• **THE TASK**: When you repeat the listing below, keep every word exactly and leave out each picture.

• **GIVEN RECORDS**:
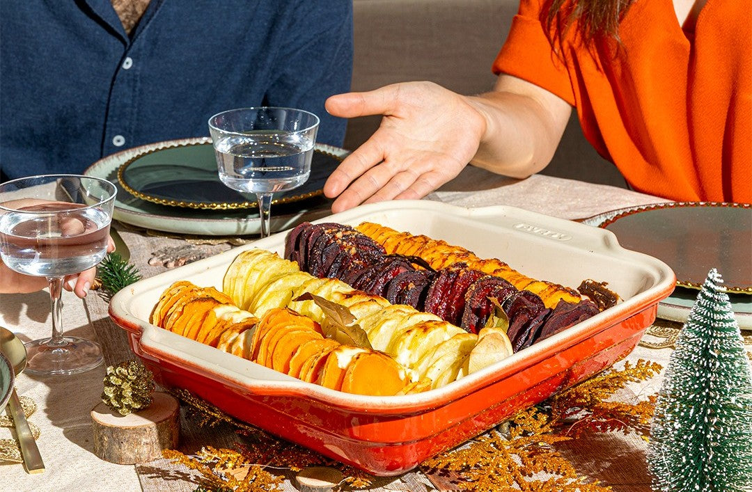 Peler les patates douces, les panais et les betteraves. Trancher les légumes en fines lamelles régulières à l’aide d’une mandoline ou d’un couteau bien aiguisé. Mettre chaque type de légume dans un saladier séparé.
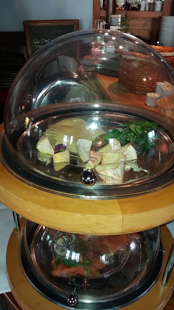 Frühstücksbuffet Käseauswahl oben unten Lachs mit Sauße.
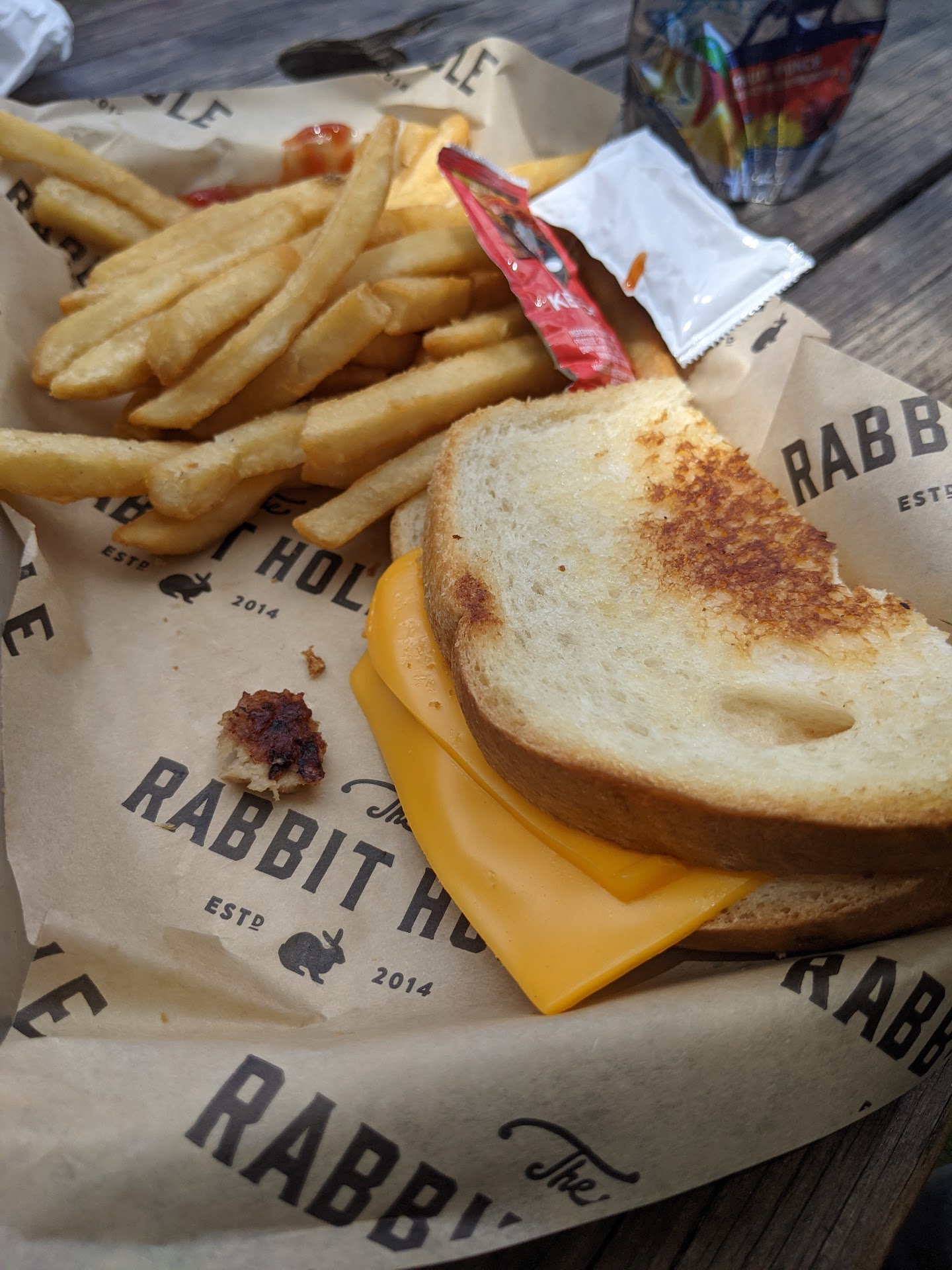 My kids got grilled cheese and fries. It literally looked like they just tossed two slices of Kraft cheese on there and called it a day. That's MY recipe thankyouverymuch lol. The fries were solid on both.
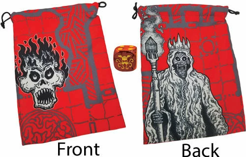 What should you do if you have too many dice? (Well, thats silly, because you can NEVER have too many dice!) But what you COULD do is pick up this dicebag! This striking (and roomy) fantasy-themed dice bag will help you keep all those treasures right at your fingertips. The drawstring bag is made of blue fabric, lined with black satin, and holds more than 100 assorted dice! This lich-adorned 6in x 9in bag will be a valuable addition to your next game day, no matter where you play!
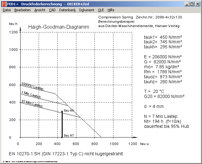 Ebenso kann man jetzt in den Schraubenfederprogrammen ein sogenanntes "Haigh-Goodman-Diagramm" anzeigen lassen. Dies ist ein Haigh-Diagramm nur für schwellende Beanspruchung, mit der Unterspannung tauU in der x-Achse und der Hubspannung tauH in der y-Achse.
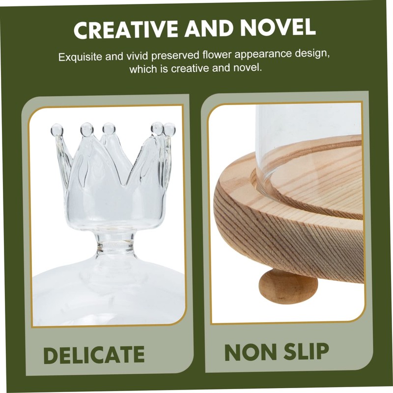 iplusmile Preserved Flower Glass Dome with Wooden Base Flat Bottom Glass Cover for Micro Landscape Artificial Plant Display Table Centerpiece Home Decor and Compact Design
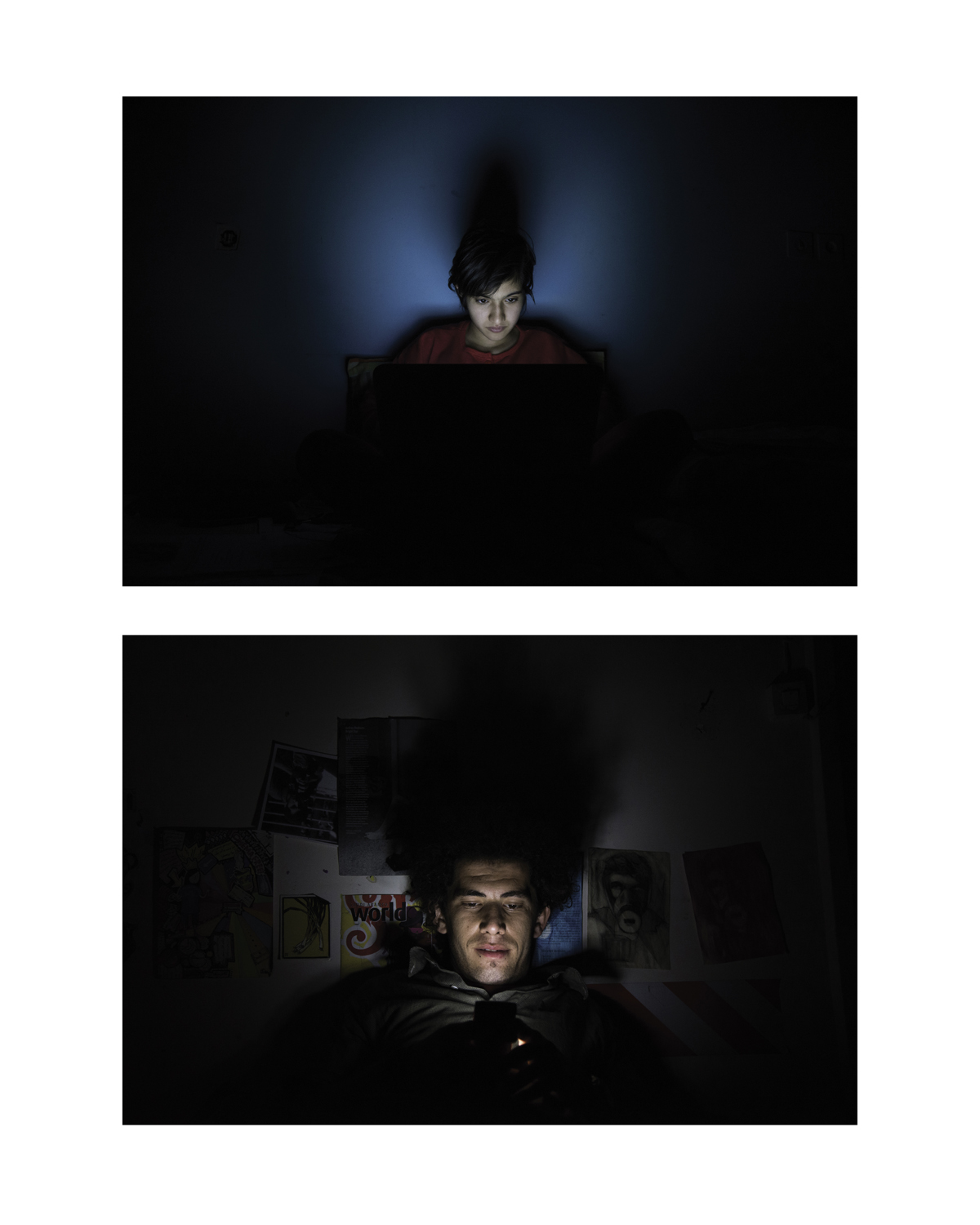Nowadays, we all spend a large part of our spare time, solitude and happiness with our laptops, Tablets and Mobiles. This light is our companion in every second of our life. The dark atmosphere of photos is a mul- tiple emphasis on this occurrence, on this life and moments that their sole companion is this light.
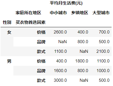 pd.pivot_table(df,values=['平均月生活费(元)'],columns='家庭所在地区',index=['性别','买衣物首选因素'],aggfunc=np.sum)
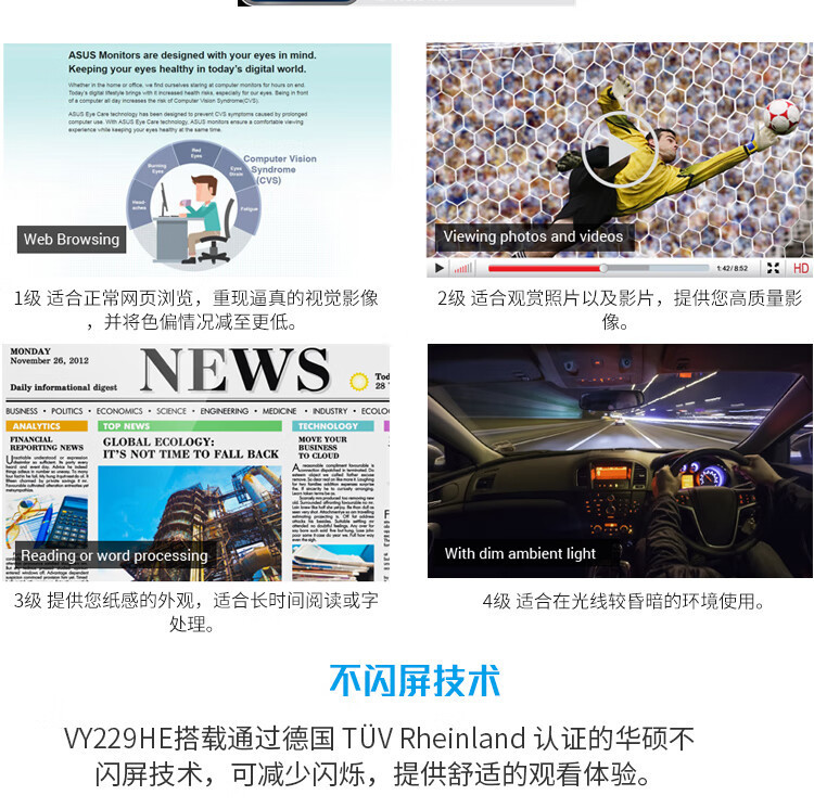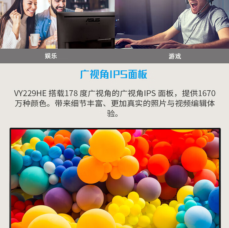 VY229HE 21.5 인치 홈 오피스 엔터테인먼트 오디오 및 비디오 IPS LCD 모니터 컴퓨터 모니터
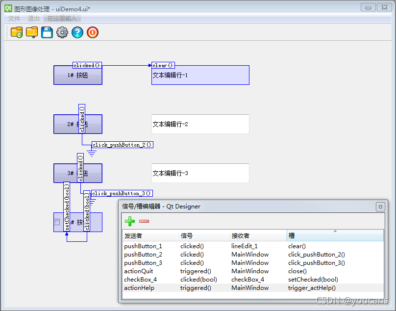 - 在 QtDesigner 將自定義函數(shù) trigger_actHelp() 添加到槽函數(shù)配置連接表中;

• **RESULT**:
 Peler les patates douces, les panais et les betteraves. Trancher les légumes en fines lamelles régulières à l’aide d’une mandoline ou d’un couteau bien aiguisé. Mettre chaque type de légume dans un saladier séparé.
 Frühstücksbuffet Käseauswahl oben unten Lachs mit Sauße.
 My kids got grilled cheese and fries. It literally looked like they just tossed two slices of Kraft cheese on there and called it a day. That's MY recipe thankyouverymuch lol. The fries were solid on both.
 What should you do if you have too many dice? (Well, thats silly, because you can NEVER have too many dice!) But what you COULD do is pick up this dicebag! This striking (and roomy) fantasy-themed dice bag will help you keep all those treasures right at your fingertips. The drawstring bag is made of blue fabric, lined with black satin, and holds more than 100 assorted dice! This lich-adorned 6in x 9in bag will be a valuable addition to your next game day, no matter where you play!
 Ebenso kann man jetzt in den Schraubenfederprogrammen ein sogenanntes "Haigh-Goodman-Diagramm" anzeigen lassen. Dies ist ein Haigh-Diagramm nur für schwellende Beanspruchung, mit der Unterspannung tauU in der x-Achse und der Hubspannung tauH in der y-Achse.
 iplusmile Preserved Flower Glass Dome with Wooden Base Flat Bottom Glass Cover for Micro Landscape Artificial Plant Display Table Centerpiece Home Decor and Compact Design
Nowadays, we all spend a large part of our spare time, solitude and happiness with our laptops, Tablets and Mobiles. This light is our companion in every second of our life. The dark atmosphere of photos is a mul- tiple emphasis on this occurrence, on this life and moments that their sole companion is this light.
 pd.pivot_table(df,values=['平均月生活费(元)'],columns='家庭所在地区',index=['性别','买衣物首选因素'],aggfunc=np.sum)
 VY229HE 21.5 인치 홈 오피스 엔터테인먼트 오디오 및 비디오 IPS LCD 모니터 컴퓨터 모니터
 - 在 QtDesigner 將自定義函數(shù) trigger_actHelp() 添加到槽函數(shù)配置連接表中;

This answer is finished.